Yeah, I get it. You want to have a special bottle, but then you have to have a special pour spout on top of that. Most bottles honestly are universal with pour spouts. So that kind of irks me.”
“So with the paper collar, I think Titos give a percentage to dog shelters and whatnot. So they’re using it as a collar thing. But I mean, it wastes so much paper. I just think you can slap a sticker on the side of the bottle if you wanted to keep it that way. I think the collar is unnecessary.”
“The Maker’s Mark’s wax is super annoying. It’s not super problematic, but when you have the wax there and then you take off the cap, it’s a tiny cap. Then you have a thick amount of wax on there and it’s never consistent. Also, the long neck and the fat square bottle of the Maker’s Mark make it really weird and awkward to hold and pour.”
“Goldschläger is kind of the same thing as Maker’s with the long neck, but it’s a round bottle. You can’t fit that in your speedwell, and nobody’s going to put that on a back bar. You put it inside of a cooler to chill it out, and it takes up three spaces worth of your cooler space.”
Bailey’s, RumChata, Hendrick’s — and all non-transparent bottles
“Any bottle that isn’t transparent, like Bailey’s, RumChata, Hendrick’s, it’s just a pain in the ass to try and figure out how much you have left in that bottle. Especially those ones, they weigh a decent amount. So you can’t really feel it out. You would have to get a scale to weigh it out, and some bars actually do that with scales for non-transparent bottles.”
“It’s not necessarily the bottle, but the wrapper on top of it. It’s so hard to untwist and unscrew the whole thing. Sometimes all of it comes off. Sometimes you can’t cut it off at all. Sometimes you need a knife to get in there, a chainsaw, to cut off the wrapper, just to open up the Jack Daniel’s.
A lot of people agreed and disagreed with me about the Jack wrapper. People were saying, ‘You have to grip it, really a certain way and really use the small, tiny top cap and twist it off.’ And it’ll snap because it’s perforated. But I don’t think it’s perforated enough or I’m just weak.”
“Kind of the same thing as Patrón. Crown Royal’s shape is terrible. The packaging it comes in — there’s so much stuff. You have the really weird plastic, crown-shaped cap on top of it, and then it’s a tiny, tiny hole to pour out of. So pour spots get stuck in there often, and it’s awkward to hold and handle. Also, if you want to really display it, it takes up two spaces on your shelf.”
“The 1800 bottle. Its shape is just … It’s like a triangle. It’s like a tall pyramid, really weird and awkward to hold and handle. I don’t want to hold a bottle with two hands and try and pour it. And the cap, I know in the past, the cap used to have a cool feature where you could pour a shot inside of the cap, flip it back over and then take the cap off, and that would be an ounce. Now, it’s just a really, really, really, really fat bottle top for no reason.

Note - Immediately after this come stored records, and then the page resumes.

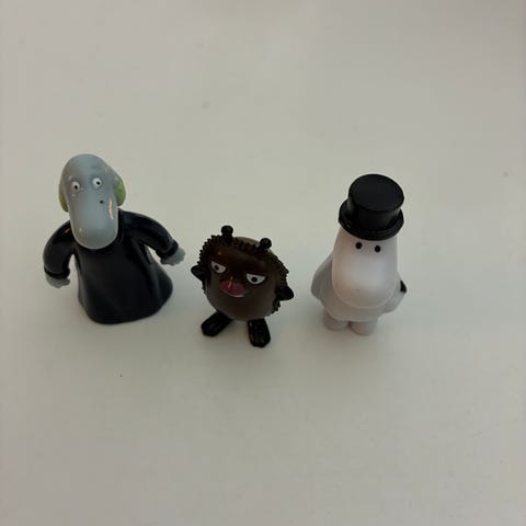 Myydään 7 pientä Muumi hahmoa. Muovisia ja pientä kulumaa. Kaikki yht 5+ kirjemaksu.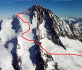 Von der neuen Finsteraarhornhütte 3048m gestartet. Anfangs auf markiertem Pfad auf den Gletscher. Diesen queren zum Pkt. 3616m (Frühstücksplatz), wo man den Grat überqueren muss um auf das nächste Firnfeld zu gelangen. Über diese Südwestflanke, teilweise steil (z.T. Spalten), zum Hugisattel 4088m hoch. Dort beginnt der Nordwestgrat. Über diesen (I./II. Grad), meist aber in der W-Flanke kletternd, auf den Gipfel des Finsteraarhorn 4274m. Abstieg auf der gleichen Route zurück zur Finsteraarhornhütte 3048m.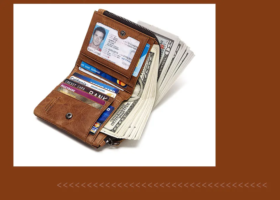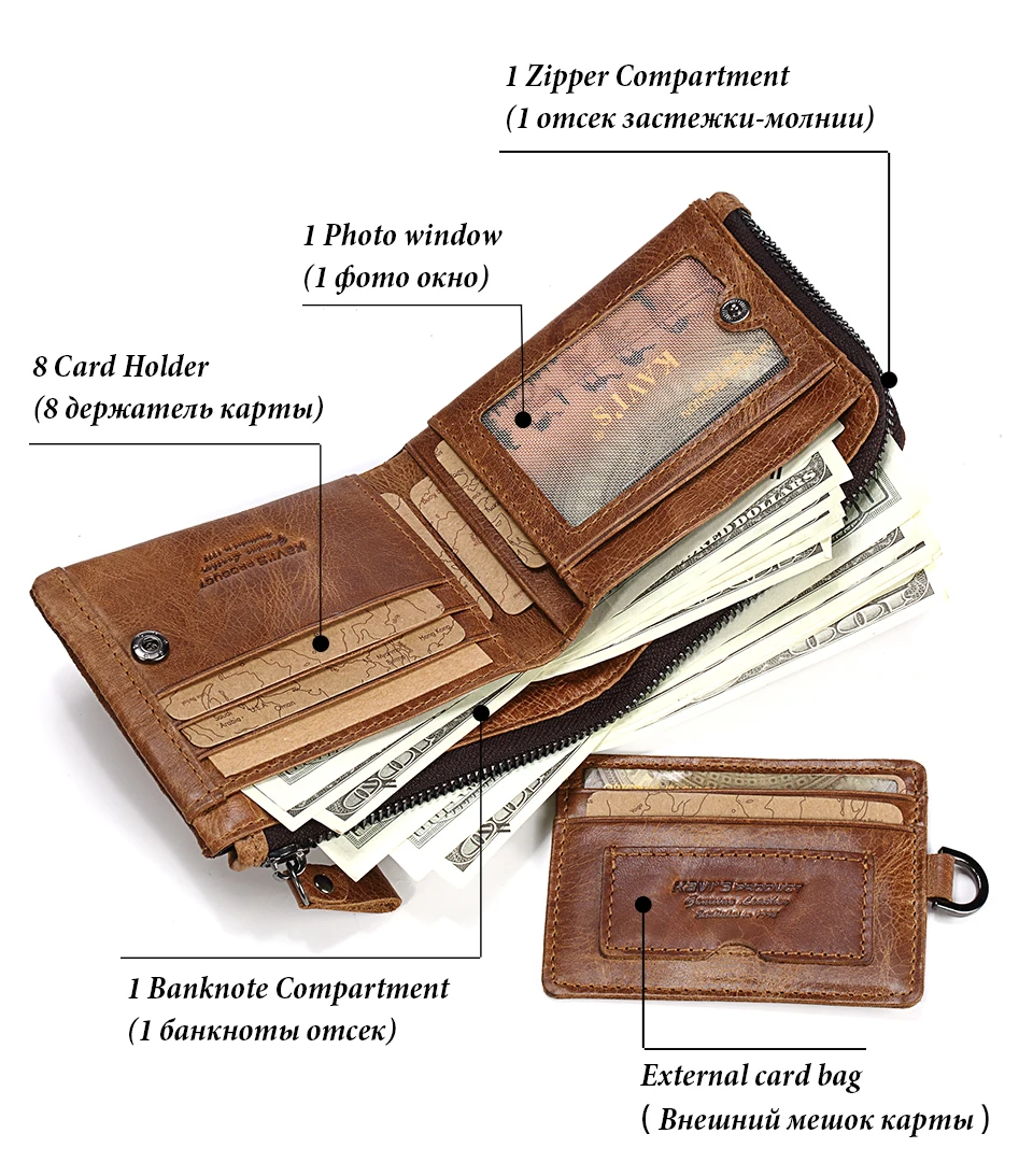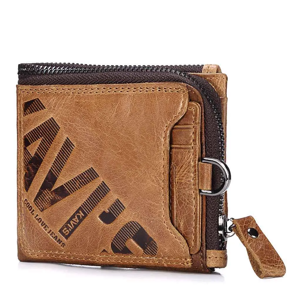 Качественный мужской кошелек из натуральной кожи, брендовый винтажный бумажник на молнии для мужчин, мужской кошелек из воловьей кожи с железной цепочкой и кредитницей

I think there are some people who are going around saying it has a lip on it, and it’s just big enough to put a shot glass on. So you can put salt on top of the cap and rim it for shots. But that sounds terribly unhygienic and not fun at all to clean up. So I call BS on that one.”
“The Galliano bottle is simply insane. It’s basically a baseball bat up there. Nobody uses it. They only use it for Harvey Wallbangers. Most of my bars don’t even carry it anymore. They’re like, ‘No, we don’t want that.’ It’s going to sit on the shelf for five years. There’s just nowhere to put it. You have to put it on the way tippy top. I would simply rather not make Harvey Wallbangers with the Galliano bottle.”
And last but not least…
“The final bottle that pisses me off is an empty bottle during a rush — something I have to go and replace.”